The Sloan Digital Sky Survey (SDSS), is a massive astronomical survey which was conducted from 2000 to 2008 which collected more than 3 million astronomical objects (stars, galaxies, and quasars) from over 35% of the sky with a 2.5 meter telescope at Apache Point Observatory in New Mexico, United States. Some of the most important discoveries from the SDSS are 1) discovering and characterizing dark energy, 2) understanding the large-scale structure of the Universe through the distribution of galaxies and the presence of cosmic voids, clusters, and filaments.

2-2. Galaxy Zoo

https://www.kaggle.com/competitions/galaxy-zoo-the-galaxy-challenge/data

The Galaxy Zoo (Lintott et al) is one of the most successful citizen project in astronomy, where hundreds of thousands of volunteers classified images of nearly 900,000 galaxies obtained from the SDSS survey by answering questions about their characteristics (Figure 1)

DT

[Figure 1] Decision Tree used to classify galaxies in Galaxy Zoo project.


2-2-1. Labels

  • Each galaxy has a matching entry in a separate csv file where each column value represents the ratio of how volunteers (Galaxy Zoo) responded to questions to the decision tree (Figure 1).
index GalaxyID Class1.1 Class1.2 Class1.3 Class2.1 Class2.2 Class3.1 Class3.2 Class4.1 Class4.2
0 100008 0.383147 0.616853 0.0 0.0 0.616853 0.038452149 0.578400851 0.418397819 0.198455181
1 100023 0.327001 0.663777 0.009222 0.031178269 0.632598731 0.467369636 0.165229095 0.591327989 0.041270741
2 100053 0.765717 0.177352 0.056931 0.0 0.177352 0.0 0.177352 0.0 0.177352
3 100078 0.693377 0.238564 0.068059 0.0 0.238564 0.109493481 0.129070519 0.189098232 0.049465768
4 100090 0.933839 0.0 0.066161 0.0 0.0 0.0 0.0 0.0 0.0
Class5.1 Class5.2 Class5.3 Class5.4 Class6.1 Class6.2 Class7.1 Class7.2 Class7.3 Class8.1
0.0 0.104752126 0.512100874 0.0 0.054453 0.945547 0.201462524 0.181684476 0.0 0.0
0.0 0.236781072 0.160940708 0.23487695 0.189149 0.810851 0.0 0.135081824 0.191919176 0.0
0.0 0.11778975 0.05956225 0.0 0.0 1.0 0.0 0.74186415 0.02385285 0.0
0.0 0.0 0.113284024 0.125279976 0.320398 0.679602 0.408599439 0.284777561 0.0 0.0
0.0 0.0 0.0 0.0 0.029383 0.970617 0.494587282 0.439251718 0.0 0.0

[Table 1] Examples of how volunteers classified Galaxies for GalaxyZoo Project.


2-2-2. Galaxy Images

Some of the images in the dataset look like the figure below.

OG

[Figure 2] Galaxies in the Galaxy Zoo Dataset. Each image is labeled with its Galaxy-ID and Galaxy type classified by the volunteers

2-3. SDSS Data

Instead of using cropped images of single galaxies shown above, González et al. used a Python astroquery package to fetch about 20000 field images in FITS format (each with multiple galaxies per single image) from the SDSS database. However, the images fetched from the SDSS are not in a normal RGB format (YOLO method is designed to work with 3-channel color images). Instead, we have access to multiple images of the same field taken with different optical filters. Here, González et al. used three images, each taken with g, r, i band filters. (g-band filter transmits light in the green portion of the spectrum; 400-550 nm, r-band filter transmits light in the red portion of the spectrum; 550-700 nm, and i-band filter transmits light in the near-infrared portion of the spectrum; 700-850 nm). Below are the screenshots of the three FITS images of the same field loaded onto SAOImage DS9, a popular astronomical viewer and analysis tool.

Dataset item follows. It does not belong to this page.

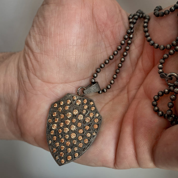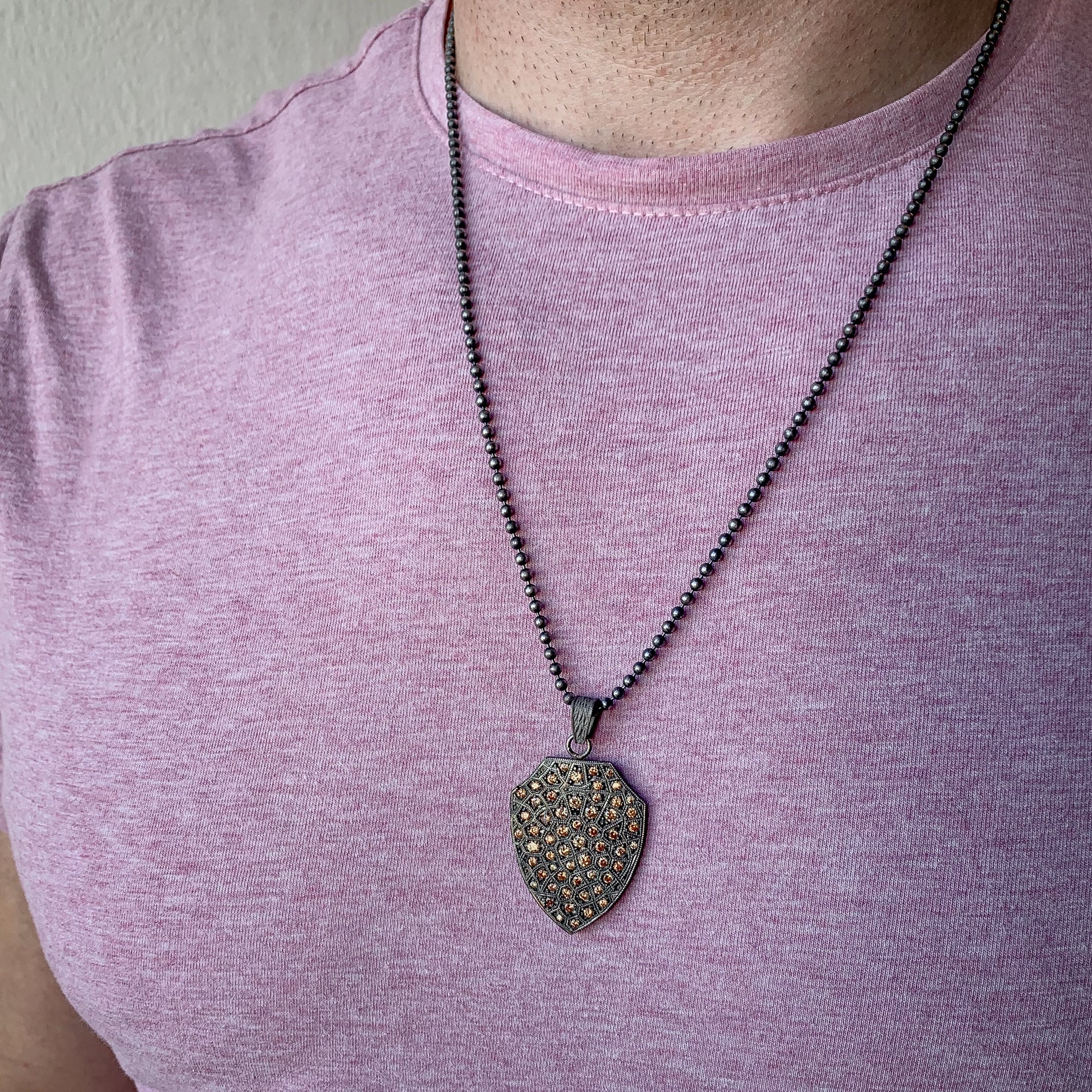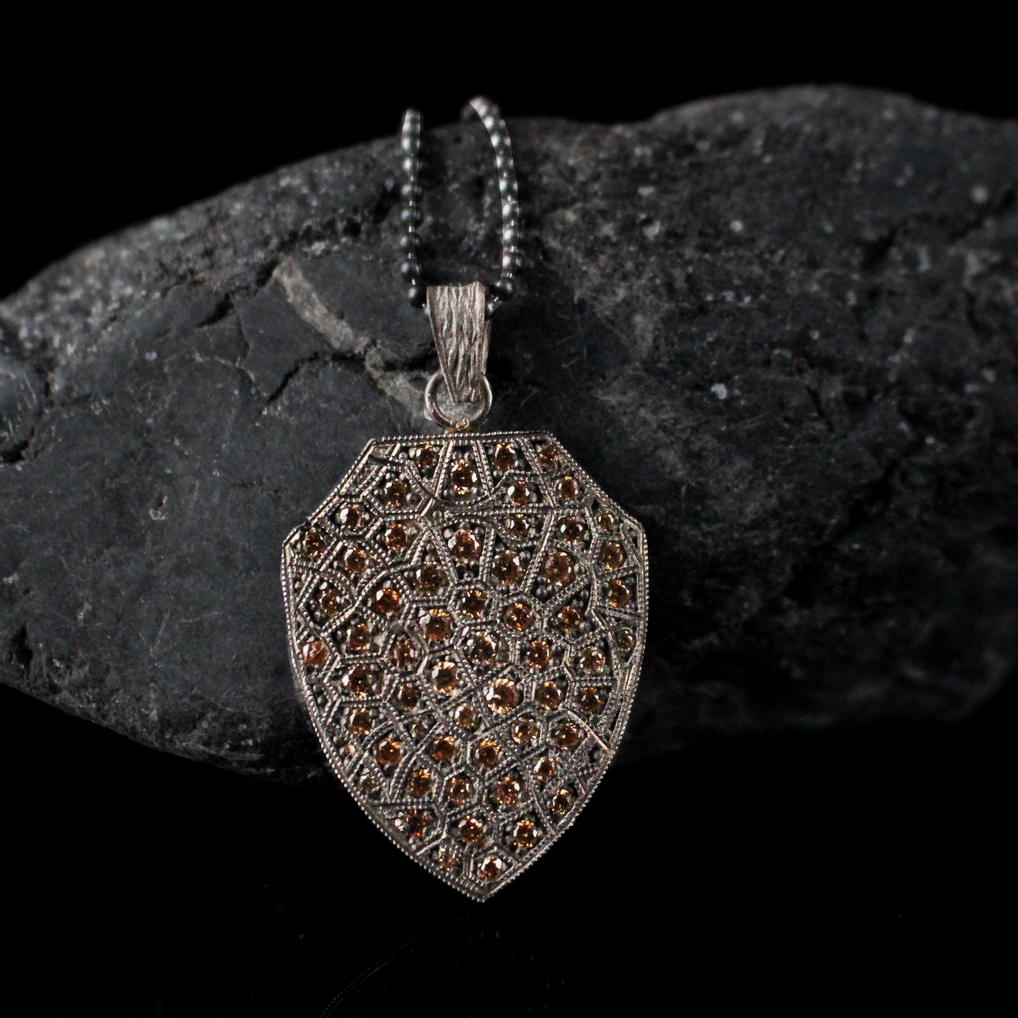 Yellow Stone Shield Pendant Necklace in Sterling Silver | Medieval Warrior Shield Necklace

[Figure 3-1] g-band image. g-band filter transmits light in wavelength range 400-550 nm

[Figure 3-2] r-band image. r-band filter transmits light in wavelength range 550-700 nm

[Figure 3-3] i-band image. i-band filter transmits light in wavelength range 700-850 nm

2-3-1. Lupton Method

Instead of using grayscale images shown above, González et al. used Lupton et al. (2004) as standard conversion method from FITS in igr bands to RGB image which is provided with Astropy, an open-source Python library with a wide range of tools and functions for astronomical data. The basic algorithm of Lupton method follows 4 simple steps.

1) Convert each FITS image to a grayscale image, also considering any appropriate scaling or stretching that may be necessary to ensure that the data values fall within the dynamic range of the output image.

2) Assign each grayscale image to a color channel, with the red channel assigned to the longest-wavelength filter (in this case, i-band filter), the green channel assigned to the intermediate-wavelength filter (r-band filter), and the blue channel assigned to the shortest-wavelength filter (g-band filter).

3) Apply a scaling factor to each color channel to adjust the relative brightness of each channel with

   red = (red - gray_min) / (red_max - gray_min)
   green = (green - gray_min) / (green_max - gray_min)
   blue = (blue - gray_min) / (blue_max - gray_min)

4) Combine the scaled red, green, and blue channels into a single RGB image, taking into account any appropriate color space transformations or adjustments that may be necessary to ensure accurate color rendering.

With this conversion method, González et al. converted the three FITS images per field into a single RGB image which looks like

[Figure 4] An RGB image produced with the Lupton method. Note that the combined image is vertically flipped when compared to the three FITS images due to the default coordinate orientation used in SAOImage DS9.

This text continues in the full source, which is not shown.